• Working data
· · · · · · ·
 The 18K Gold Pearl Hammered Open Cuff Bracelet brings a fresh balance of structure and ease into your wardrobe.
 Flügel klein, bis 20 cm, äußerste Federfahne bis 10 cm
· · · · · · ·
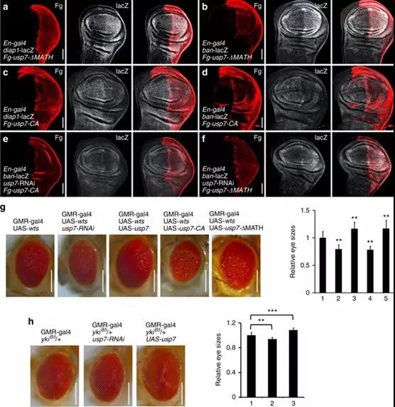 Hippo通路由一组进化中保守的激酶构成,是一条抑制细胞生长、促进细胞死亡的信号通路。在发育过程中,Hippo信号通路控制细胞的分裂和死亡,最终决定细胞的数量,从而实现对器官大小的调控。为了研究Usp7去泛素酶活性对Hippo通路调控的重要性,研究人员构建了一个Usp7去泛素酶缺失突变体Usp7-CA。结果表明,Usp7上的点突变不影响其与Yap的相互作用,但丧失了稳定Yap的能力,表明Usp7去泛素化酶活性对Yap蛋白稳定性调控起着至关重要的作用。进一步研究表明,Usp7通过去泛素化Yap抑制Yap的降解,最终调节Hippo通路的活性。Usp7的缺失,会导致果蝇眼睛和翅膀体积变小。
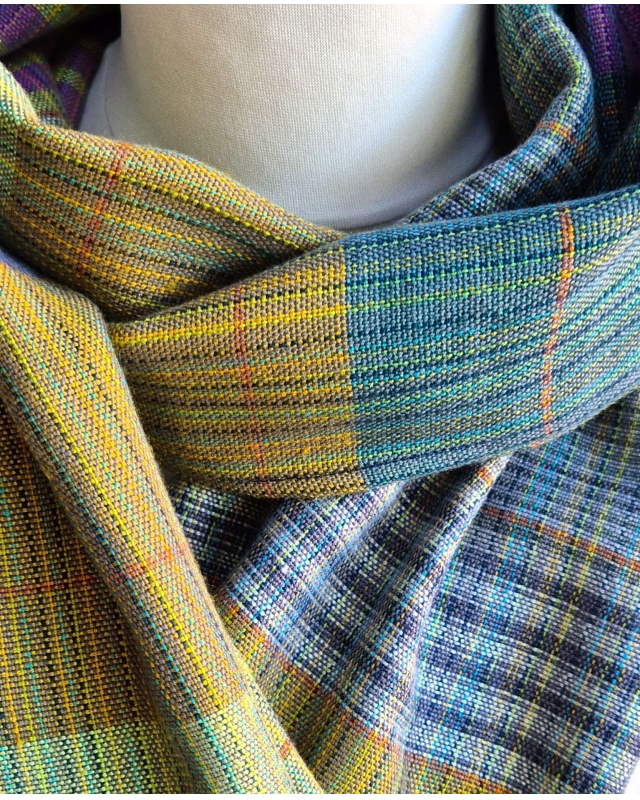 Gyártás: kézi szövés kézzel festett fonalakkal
· · · · · · ·
• Task requirements
Taking the entries above, print exactly the lines starting at the line with "The 18K Gold" and ending at the line with "Flügel klein, bis", both included.

• Answer section
 The 18K Gold Pearl Hammered Open Cuff Bracelet brings a fresh balance of structure and ease into your wardrobe.
 Flügel klein, bis 20 cm, äußerste Federfahne bis 10 cm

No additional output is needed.